GreyFriars, Newcastle-upon-Tyne was a friary in Newcastle-upon-Tyne, Tyne and Wear, England, which was founded in Pilgrim Street in 1237, was sold after the Dissolution of the Monasteries, and then rebuilt as a private residence, as New Place and Anderson Place, before being demolished to become Grey Street.

Greyfriars 
The friary was founded, in 1237, in Pilgrim Street, Newcastle-upon-Tyne, and was sold after the Dissolution of the Monasteries.

New Place 

The merchant Robert Anderson purchased the 13 acres of land and on the site of the former Greyfriars building built a private residence (named "Newe House") which was described as a “princely house built out of the ruins of the friars”. In 1646, King Charles I was kept prisoner there by the Scots.

Robert Anderson bequeathed his estate to his kinsman, the Newcastle MP Sir Francis Anderson (1614–79).
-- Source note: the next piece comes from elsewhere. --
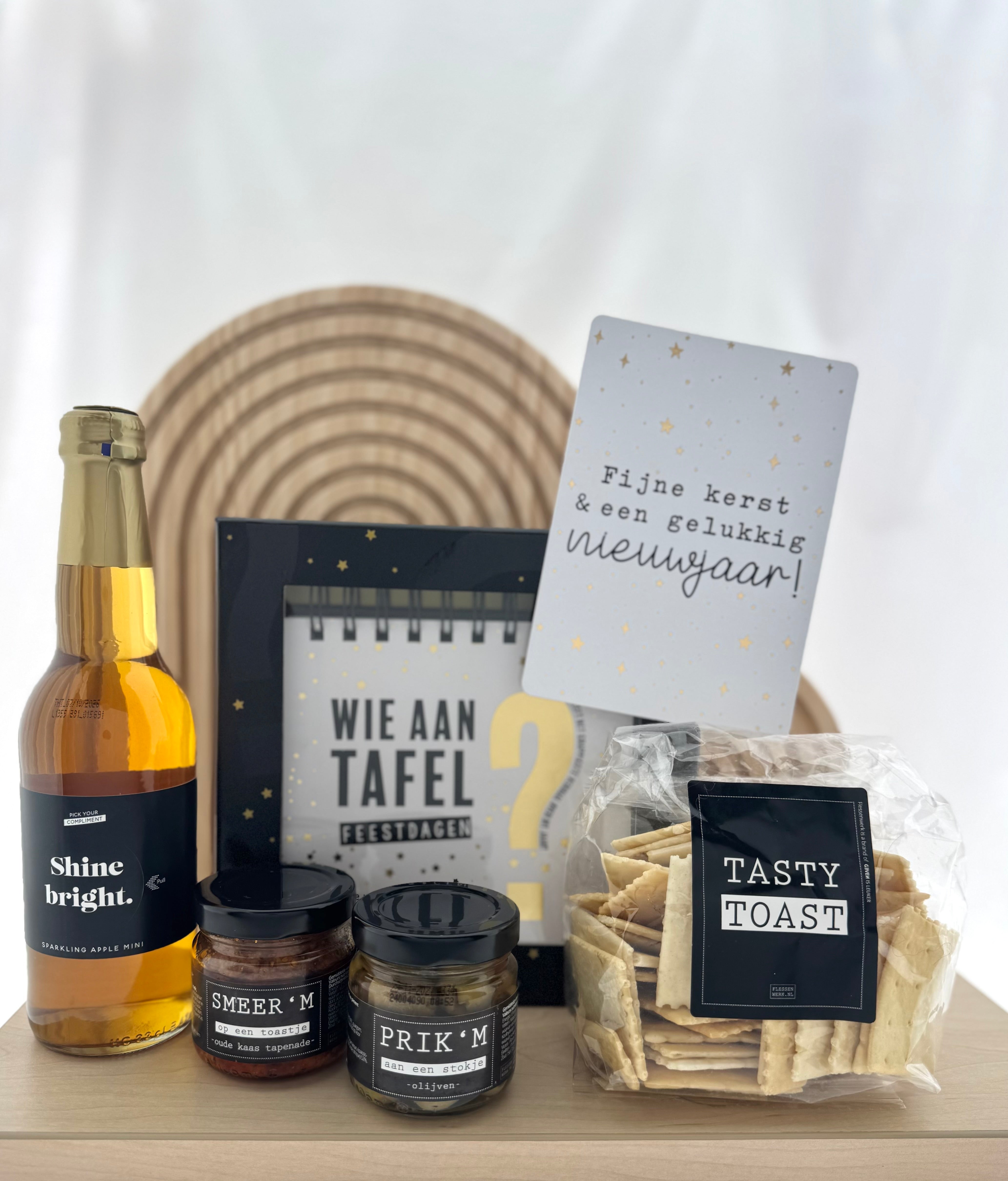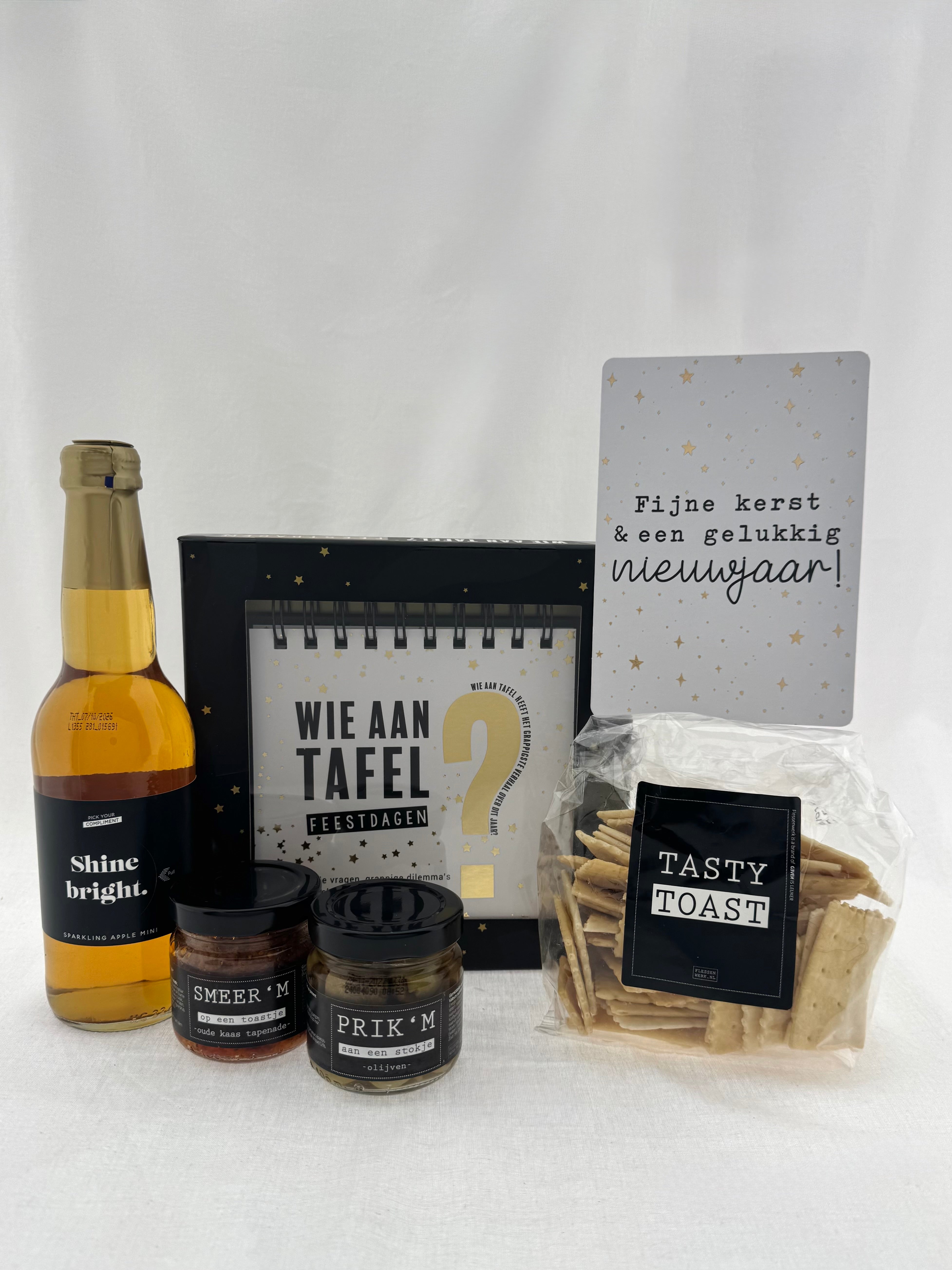 Een gezellig en smaakvol cadeaupakket voor de feestdagen! Deze set brengt mensen samen aan tafel met lekkere borrelhapjes, een feestelijk drankje en een speels tafelspel. Perfect als verrassing voor kerst.

In 1675, Sir Francis sold "New Place" to Sir William Blackett, 1st Baronet (1657–1705) who added two large wings to the house. The mansion later passed to Sir William's son, Sir William Blackett, 2nd Baronet (1690–1728), and then to the latter's nephew the Newcastle merchant Sir Walter Calverley-Blackett, 2nd Baronet (1707–77). Sir Walter's successor, Sir Thomas Blackett, sold the house in 1782 to the wealthy Newcastle builder, George Anderson (c.1705–98) who converted the residence into three dwellings.

Anderson Place 
In 1801, George Anderson's son, Major George Anderson (1760–1831), came to reside there and changed the name to Anderson Place. On his death in 1831, the houses passed to the Major's cousin, Thomas Anderson (c.1808–72), who sold it to the Newcastle builder Richard Grainger (1797–1861), for £50,000, in 1834. Thomas Anderson and his family moved to live at Little Harle Tower, Kirkwhelpington, Northumberland. Anderson Place was demolished in 1835 as a key part of Grainger's plan to rebuild the city and to allow the construction of new buildings in Grey Street, Newcastle-upon-Tyne.